» **Your task**: From the material below, return exactly the lines starting at the one that holds "用饼皮塔饼卷上腌制后火热串烧" and ending at the one that holds "詳細信息 SDC-0630L". Pictures stay out of the answer.

» **Recorded data**:
+-------+

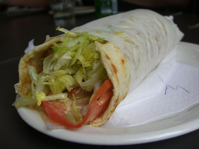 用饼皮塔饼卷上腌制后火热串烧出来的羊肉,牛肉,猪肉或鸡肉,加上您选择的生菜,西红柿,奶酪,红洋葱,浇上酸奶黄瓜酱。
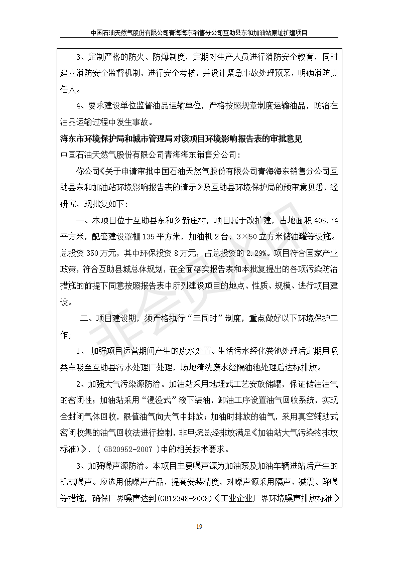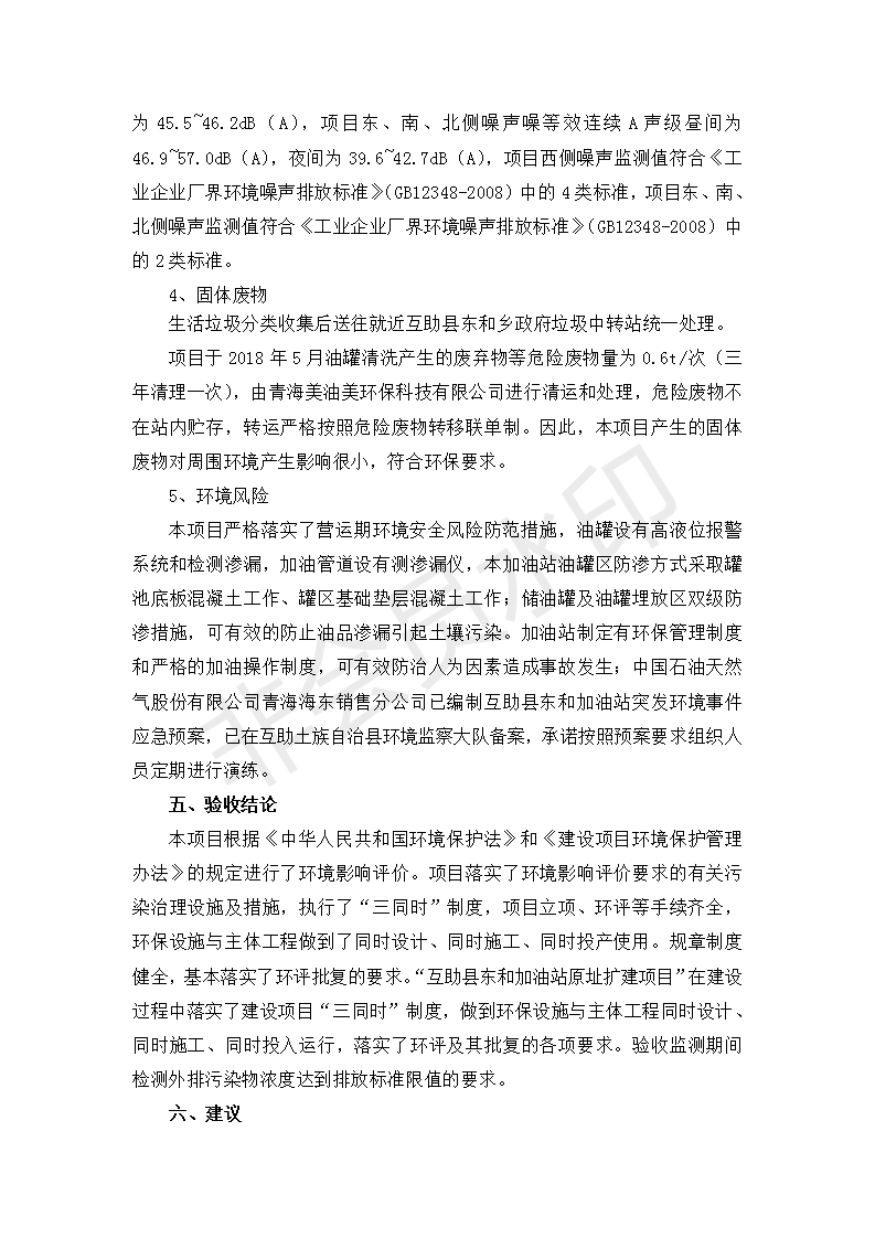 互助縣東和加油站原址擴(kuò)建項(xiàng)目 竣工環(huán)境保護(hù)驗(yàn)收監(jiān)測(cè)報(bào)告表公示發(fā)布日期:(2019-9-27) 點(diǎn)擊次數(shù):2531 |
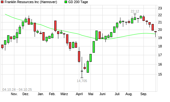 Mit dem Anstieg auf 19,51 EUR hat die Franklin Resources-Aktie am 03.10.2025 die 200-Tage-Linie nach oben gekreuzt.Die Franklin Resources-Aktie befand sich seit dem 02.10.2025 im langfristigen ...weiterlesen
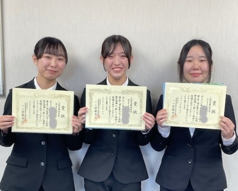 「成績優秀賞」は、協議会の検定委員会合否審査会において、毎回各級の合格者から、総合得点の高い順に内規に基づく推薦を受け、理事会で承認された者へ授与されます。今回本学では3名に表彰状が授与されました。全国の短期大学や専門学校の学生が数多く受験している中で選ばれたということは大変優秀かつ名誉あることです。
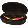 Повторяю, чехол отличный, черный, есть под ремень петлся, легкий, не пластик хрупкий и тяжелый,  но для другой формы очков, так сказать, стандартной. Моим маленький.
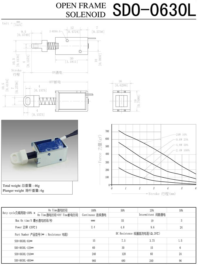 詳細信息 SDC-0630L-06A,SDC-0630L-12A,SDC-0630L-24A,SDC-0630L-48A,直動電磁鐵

+-------+

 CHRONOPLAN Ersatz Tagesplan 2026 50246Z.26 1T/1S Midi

+-------+

» **Final answer**:
 用饼皮塔饼卷上腌制后火热串烧出来的羊肉,牛肉,猪肉或鸡肉,加上您选择的生菜,西红柿,奶酪,红洋葱,浇上酸奶黄瓜酱。
 互助縣東和加油站原址擴(kuò)建項(xiàng)目 竣工環(huán)境保護(hù)驗(yàn)收監(jiān)測(cè)報(bào)告表公示發(fā)布日期:(2019-9-27) 點(diǎn)擊次數(shù):2531 |
 Mit dem Anstieg auf 19,51 EUR hat die Franklin Resources-Aktie am 03.10.2025 die 200-Tage-Linie nach oben gekreuzt.Die Franklin Resources-Aktie befand sich seit dem 02.10.2025 im langfristigen ...weiterlesen
 「成績優秀賞」は、協議会の検定委員会合否審査会において、毎回各級の合格者から、総合得点の高い順に内規に基づく推薦を受け、理事会で承認された者へ授与されます。今回本学では3名に表彰状が授与されました。全国の短期大学や専門学校の学生が数多く受験している中で選ばれたということは大変優秀かつ名誉あることです。
 Повторяю, чехол отличный, черный, есть под ремень петлся, легкий, не пластик хрупкий и тяжелый,  но для другой формы очков, так сказать, стандартной. Моим маленький.
 詳細信息 SDC-0630L-06A,SDC-0630L-12A,SDC-0630L-24A,SDC-0630L-48A,直動電磁鐵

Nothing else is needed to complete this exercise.